Abstract

Recent developments in laparoscopic and retroperitoneoscopic techniques have modified the treatment of renal and ureteral stones. We present the efficacy and possible adverse complications of laparoscopic pyelolithotomy for the treatment of staghorn stones as an alternative to percutaneous nephrolithotomy (PCNL) in our single-surgeon series. Thirteen patients (10 males and 3 females) underwent transperitoneal laparoscopic pyelolithotomy for removal of staghorn stones. Mean stone size was 5.1 cm (range, 4-6.5 cm). All patients had large stones in the renal pelvis and several (more than two) calices with extrarenal pelvis. Mean operative time was 177 minutes (range, 110-240 minutes), and the mean hospital stay was 4 days (range, 3-7 days).
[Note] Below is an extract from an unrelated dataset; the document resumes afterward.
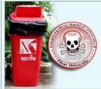
ถังขยะที่เป็นพิษ

4. ขยะพิษ ที่ต้องเก็บรวบรวมแล้วนำไปกำจัดอย่างถูกวิธี เช่น กระจ่างยาฆ่าแมลง หลอดไฟ ถ่านไฟฉาย อุปกรณ์ทางการแพทย์

Transfusion was not required in any patient, and open conversion did not happen. Overall success rate was 84.6% (11/13), and 2 patients had residual stones that were managed with extracorporeal shockwave lithotripsy. There were no major complications (bleeding, sepsis, bowel injury, or urinary leakage). The role of laparoscopic kidney stone surgery has not been defined well, but laparoscopic transperitoneal pyelolithotomy may be performed with proper results and negligible complications in skillful hands. It could be a suitable alternative to PCNL for the treatment of staghorn stones in selected cases.